Courtesy of Danton H. O’Day.  Cellular Signalling 15, D. O’Day, CaMBOT: profiling and characterizing calmodulin-binding proteins, 347-354 (2003), with permission from Elsevier, PMID: 12618209


CaM-binding proteins


            CaM-binding proteins (CaMBP) are a diverse group of targets, whose interactions with CaM can be subdivided into calcium-dependent and calcium-independent modes of binding and regulation.  Ca2+-CaM can bind to target proteins to alter their function, acting as part of a calcium signal transduction pathway.  Calcium-free apocalmodulin (ApoCaM) can bind to other target proteins, eliciting different cellular responses.

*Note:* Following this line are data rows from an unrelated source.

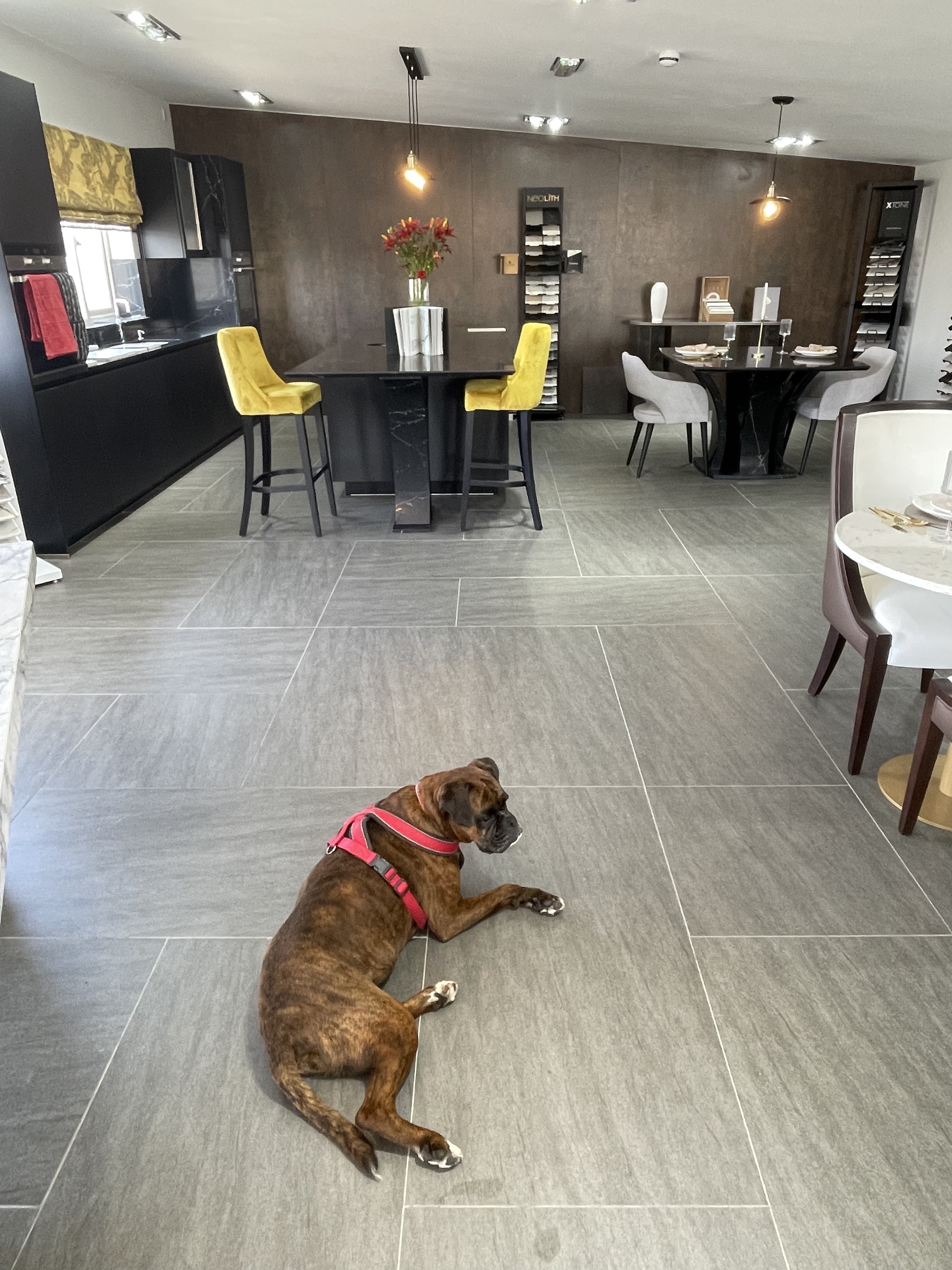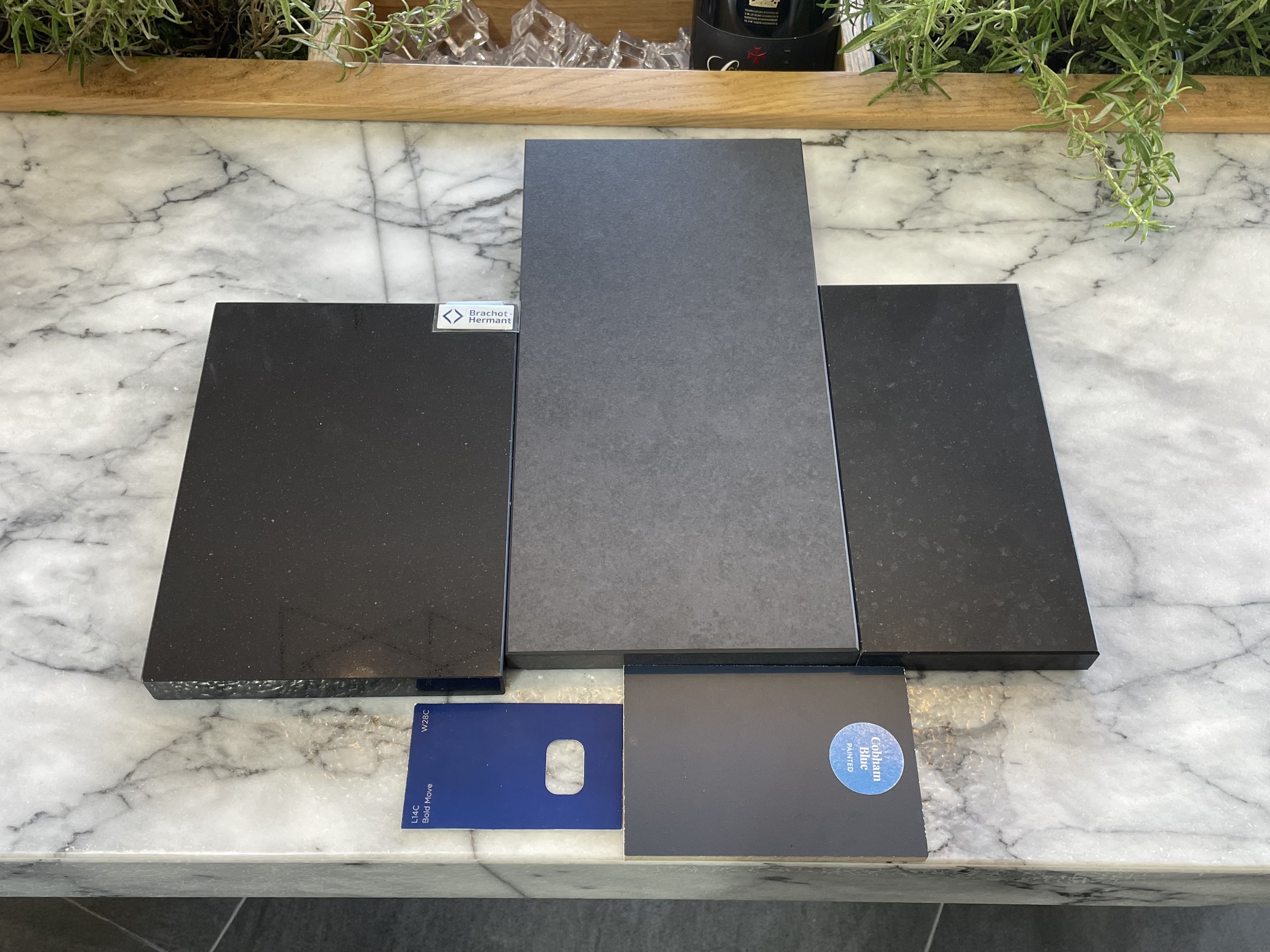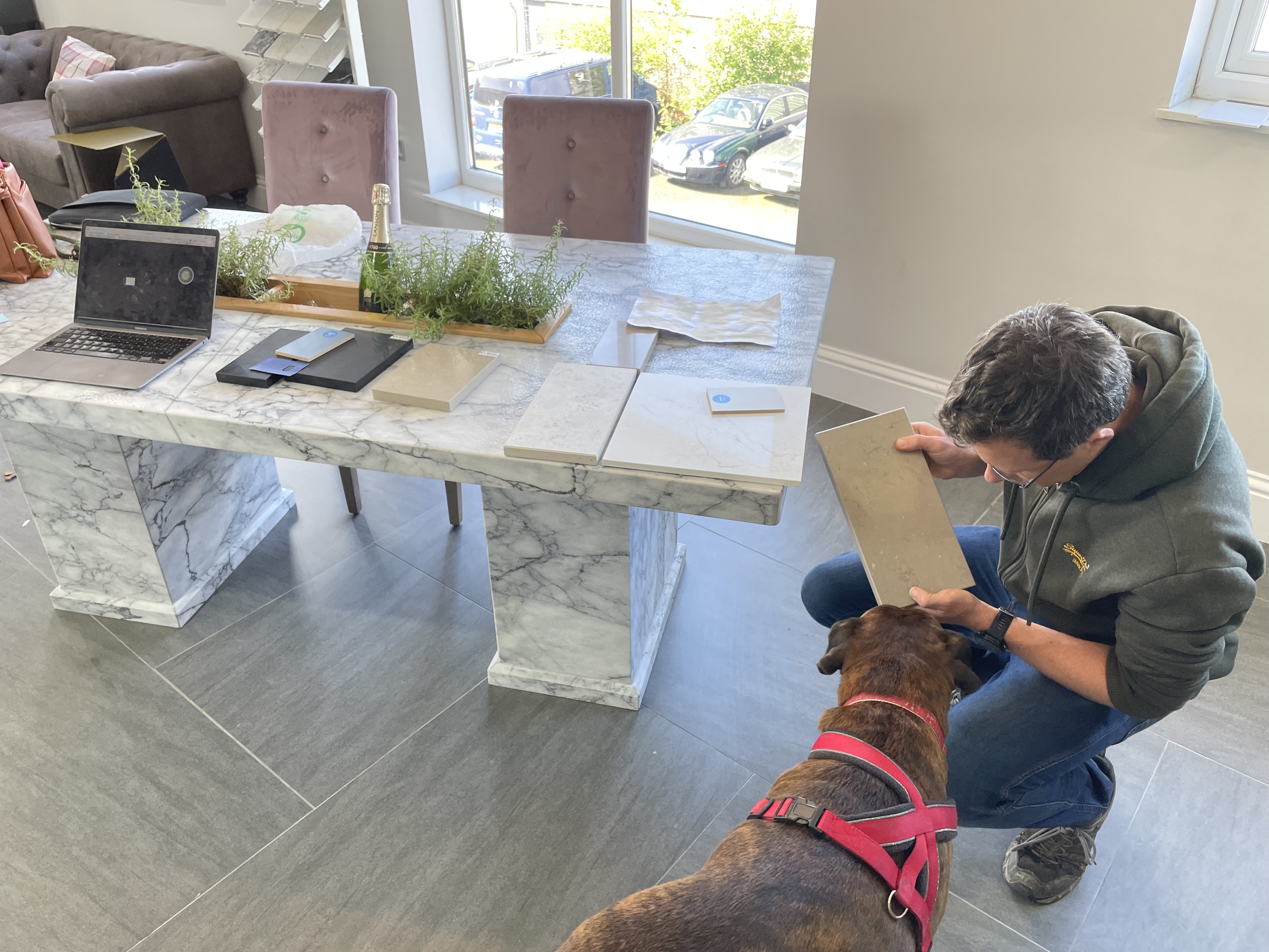 We spent Saturday morning out visiting various suppliers to get materials for the rooms in our communal building – the stone merchant outside Exeter for the work surfaces in the kitchenette (games room) and guest laundry; a vinyl floor for the games room (we went for a hard wearing one for outdoor shoes); and the aforementioned too-bright paint. Most of the other bits were delivered this week or coming tomorrow – the laundry tiles and the games room kitchenette arrived on Wednesday and the white goods are arriving tomorrow. Slowly but surely…
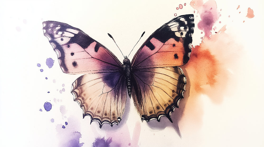 This butterfly wall mural showcases an enchanting watercolor composition where nature meets artistry. The centerpiece butterfly emerges in a stunning gradient of purple, pink, and orange hues, set against a pristine backdrop. Delicate watercolor splashes in violet and coral tones dance around the wings, while the intricate wing patterns display a masterful blend of light and shadow, creating a sophisticated interplay of colors.
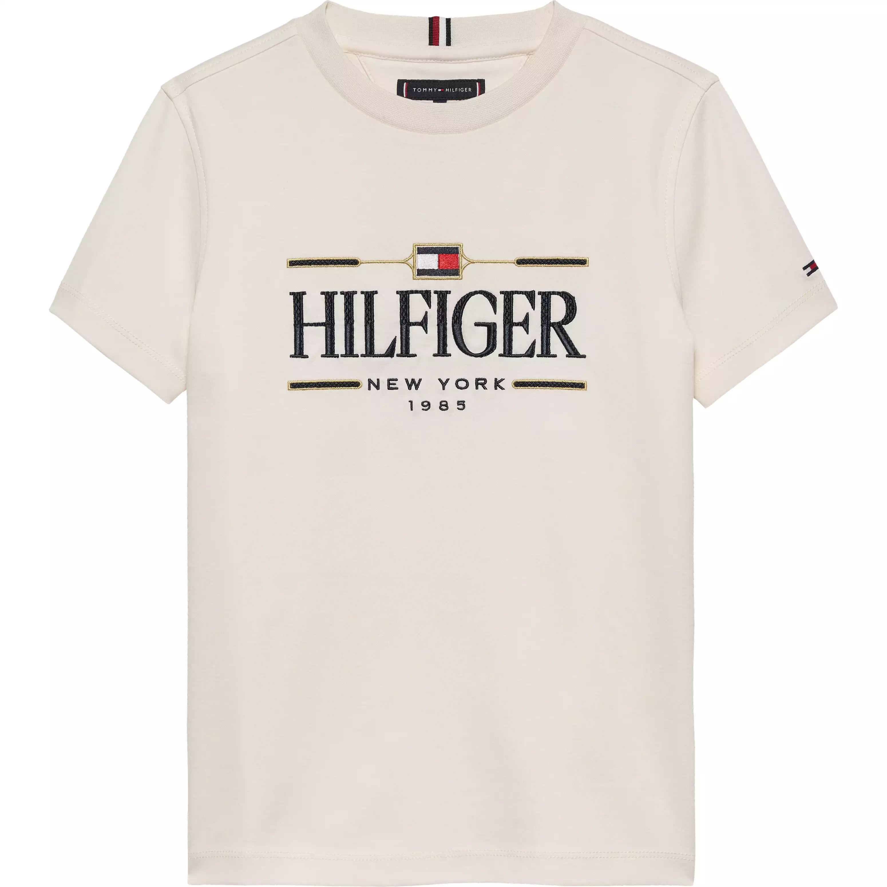 T-shirt TOMMY HILFIGER bianca a girocollo, manica corta e logo
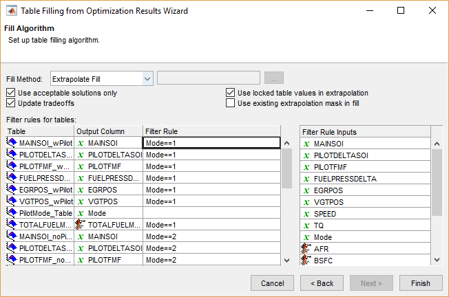 Заполните интерполяционные таблицы для всех входных параметров управления.
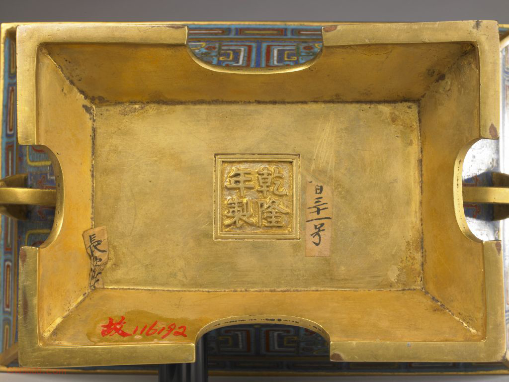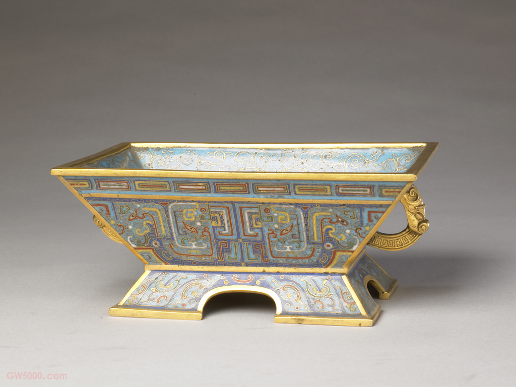 乾隆款掐丝珐琅饕餮纹簠,清乾隆,高8.3厘米,长13.2厘米,宽19.6厘米。清宫旧藏。 簠作长方形,铜鎏金兽吞式双耳,高足外撇。簠的四面均饰互为对应的饕餮纹,口边饰回纹,足边饰卷云纹。器里蓝地卷草纹。足内錾“乾隆年制”阳文楷书款。 此器造型仿商周青铜簠,色彩纯正,造型规整,胎壁厚重,鎏金光亮,为乾隆朝标准器。俗称“景泰蓝”。以红铜作胎,将很细的铜扁丝掐成花纹后用药焊于器表,再以随类附彩的方法将珐琅釉料填进丝间,经焙烧、打磨、镀金而成。 珐琅,又称“佛郎”“法蓝”“琺瑯”,是一外来语的音译词。珐琅的基本成分为石英、长石、硼砂和氟化物,与陶瓷釉、琉璃、玻璃(料)同属硅酸盐类物质。中国古代习惯将附着在陶或瓷胎表面的称“釉”;附着在建筑瓦件上的称“琉璃”;而附着在金属表面上的则称为“珐琅”。 金属胎珐琅器则依据在制作过程中具体加工工艺的不同,可分为掐丝珐琅器、錾胎珐琅器、画珐琅器和透明珐琅器等几个品种。传说中龙生九子,饕餮便是其中之一,特点是极其贪食。《说文解字》释其为:“饕,乃贪嗜财货饮食之意。贪食每较贪财为甚,以食盖财,故从食。餮,为大张其口以人财货纳饮食,故从飧声。”《吕览·先识》中说:“饕餮,恶兽名。古代钟鼎彝器,多琢其以为饰。周鼎著饕餮,有首无身,食人未咽,害及其身,以言报更也。” 虽然饕餮纹大多铸于青铜器,但玉器、瓷器等上也有不少饕餮纹。有的作品只琢刻鼻以上的部分,无口与颏,寓意节食戒贪。 家具上常用的纹饰之一,由陶器和青铜器上的雷纹衍化而来,寓意吉利深长,苏州民间称之为“富贵不断头”。在家具上,回纹主要作为边饰,用于边框、牙条、足端或束腰等处。家具上大量采用回纹见于清代。篆刻的一种方式,即把印文镌成凸状,在纸上钤盖时印文是红色,因而又称为朱文。 陶瓷器装饰纹饰之一,为最早出现的缠枝纹,枝叶蔓卷,相缠成带状。始见于南北朝时期的陶瓷器上,隋、唐两代盛行。一般与莲瓣纹组合,成为佛教艺术装饰题材之一。后人将忍冬纹归于卷草纹范畴。
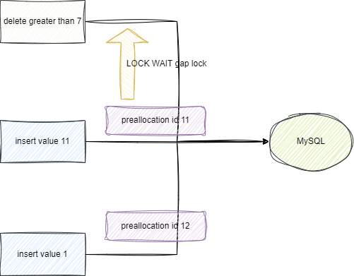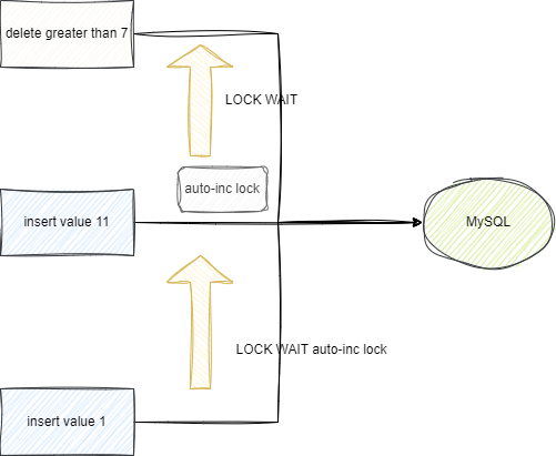 如下图所示,第一条插入语句拿到11后等待gap锁释放,而插入语句2依然可以直接拿到自增id的值12:
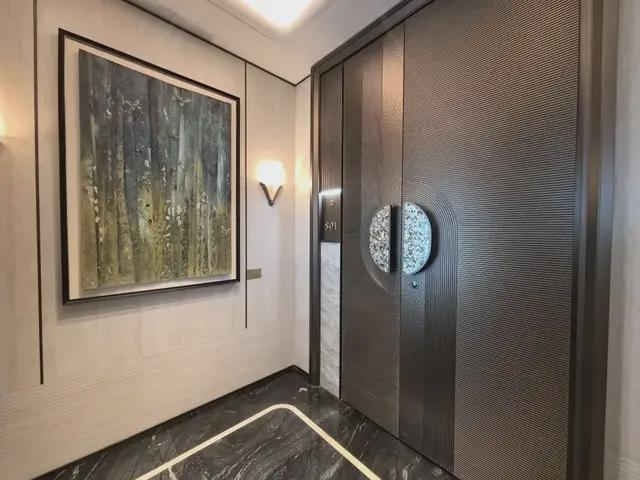 入户第一眼「铸铝子母门」尽显奢华,搭配精致的贝母门把手,细看泛着细腻光泽,顶豪审美一下子就体现出来。
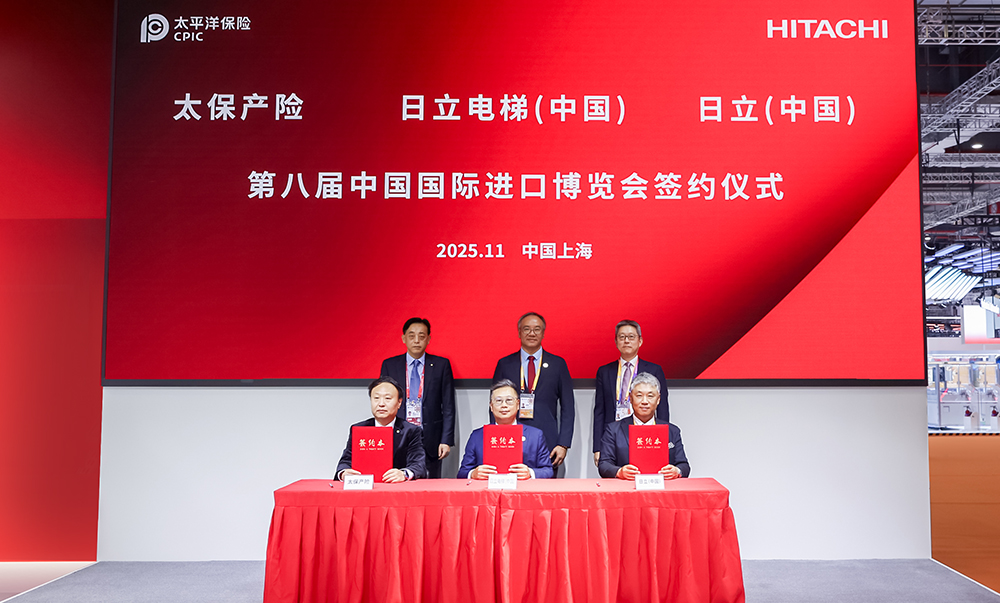 2025年11月5日,在第八届中国国际进口博览会(以下简称“进博会”)上,日立(中国)有限公司(以下简称“日立(中国)”)、日立电梯(中国)有限公司(以下简称“日立电梯(中国)”)与中国太平洋财产保险股份有限公司(以下简称“太保产险”)共同签署了关于探索创新的电梯“保险+服务”模式的战略合作协议书。中国太保集团副总裁、太保产险董事长俞斌,太保产险副总经理李超,日立集团中国总代表明田笃弥,日立(中国)副总经理前川广树,日立电梯(上海)总经理陈炜桥,日立电梯(中国)营业部长何粲宇等三方公司代表出席本次签约仪式,并就合作内容进行了深入交流。
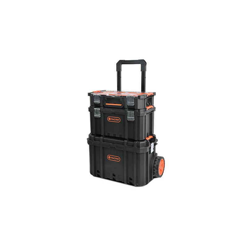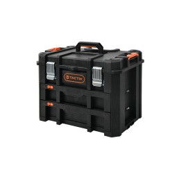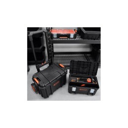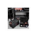 Orange PP tray inside 2 Side removable organizers 2 Heavy-duty steel latches Aluminum comfort-grip top handle 51 W x 23 D x 21 H cm
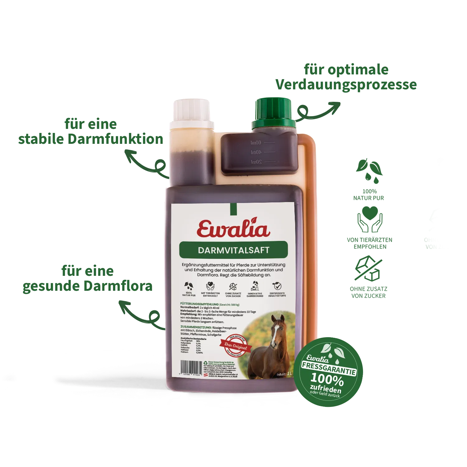 Der EWALIA Darmvitalsaft unterstützt die Erhaltung und Stabilisierung der natürlichen Prozesse im Darm. Für eine optimale Darmfunktion und Darmflora. Speziell enthaltene Kräuter in Arzneibuchqualität unterstützen eine gesunde Darmschleimhaut, helfen die Darmflora zu stabilisieren und können so Blähungen und Kotwasser auf natürliche Weise entgegenwirken. Die enthaltene Pfefferminze wirkt zudem wohltuend auf den Verdauungstrakt.

            There is no general model of target recognition and activation by CaM, instead several mechanisms of interaction have been described for different targets.  CaM is thought to activate myosin light chain kinase (MLCK) and CaM kinase II (CaMKII) by displacement of their auto-inhibitory domains.  With anthrax adenylate cyclase exotoxin activation, CaM was found to insert itself between two domains of the exotoxin. Other mechanisms of activation include binding of the CaM C-terminal alone, binding of CaM in an extended conformation, and dimer formation with its target.  This mechanistic diversity means that there is no conserved amino acid sequence for CaM binding, however several different binding motifs have been recognised based on the positioning of conserved hydrophobic residues.  CaM binding proteins can have one or more CaM-binding domains.


Ca2+-CaM-binding proteins


            Ca2+-CaM can target several different types of proteins, as shown in the table.  Ca2+-CaM binding proteins include kinases, phosphatases, second messenger signalling proteins, cytoskeletal and muscle proteins.  These proteins can be either Ca2+-activated or Ca2+-inhibited.  Calcium-dependent responses include neurotransmitter release, muscle contraction, metabolism and the inflammatory response.  Some of the responses are outlined below:


CaM kinase cascade

Ca2+-CaM can activate CaM kinase kinase (CaMKK), which in turn activates CaM kinase I (CaMKI) and CaMKIV, enabling them to phosphorylate various protein targets.  CaMKIV can activate several transcription factors such as CREB, SRF, and CBP in order to selectively activate the transcription of target genes.  CaMKK can also phosphorylate protein kinase B, thereby inhibiting apoptosis.


Calcium channel control

CaM is able to exert two opposing effects on P/Q-type calcium channels, first promoting then inhibiting channel opening.  Both of these responses require Ca2+-CaM to bind to the C-terminal tail of the channel.  The different effects arise from which CaM domain binds the calcium:  Ca2+-binding to the C-terminal CaM domain promotes channel opening, while Ca2+-binding to the N-terminal CaM domain promotes channel closure.  The modulation of Ca2+ influx via the control of calcium channels can have important consequences.  For instance, Ca2+ is essential for cardiac excitation-contraction coupling and the propulsion of blood:  Ca2+ activates myofilaments during cardiac systole causing contraction; the release of Ca2+ from the myofilaments during cardiac diastole then causes relaxation.


ApoCaM-binding proteins


            ApoCaM is structurally different from Ca2+-CaM and utilizes unique binding motifs, which show greater homology than Ca2+-CaM binding motifs.  ApoCaM targets several proteins, as shown in the table.  ApoCaM binding proteins include neuroproteins, receptors, second messenger signalling proteins, cytoskeletal and muscle proteins.   Calcium-independent responses include neurotransmitter production, nerve growth, synaptic development, intracellular movement and smooth muscle relaxation.  Some of the responses are outlined below:


ApoCaM storage by neuromodulin

Neuromodulin is the only known protein in the membrane to have a higher affinity for ApoCaM than for Ca2+-CaM.  Calcium-dependent phosphorylation of neuromodulin prevents ApoCaM binding.  Neuromodulin binds and concentrates ApoCaM at specific sites and releases it in response to Ca2+ or phosphorylation, thereby controlling the concentration of ApoCaM in neurons.


Intracellular movement

Brush border myosins (myosin Ia) contain a motor domain that hydrolyses ATP as the driving force for its translocation along actin filaments.  These proteins are structurally different from the more common myosins.  Myosin Ia preferentially binds ApoCaM to Ca2+-CaM.  ApoCaM activates ATPase activity in the absence of actin, thereby inhibiting motiliy.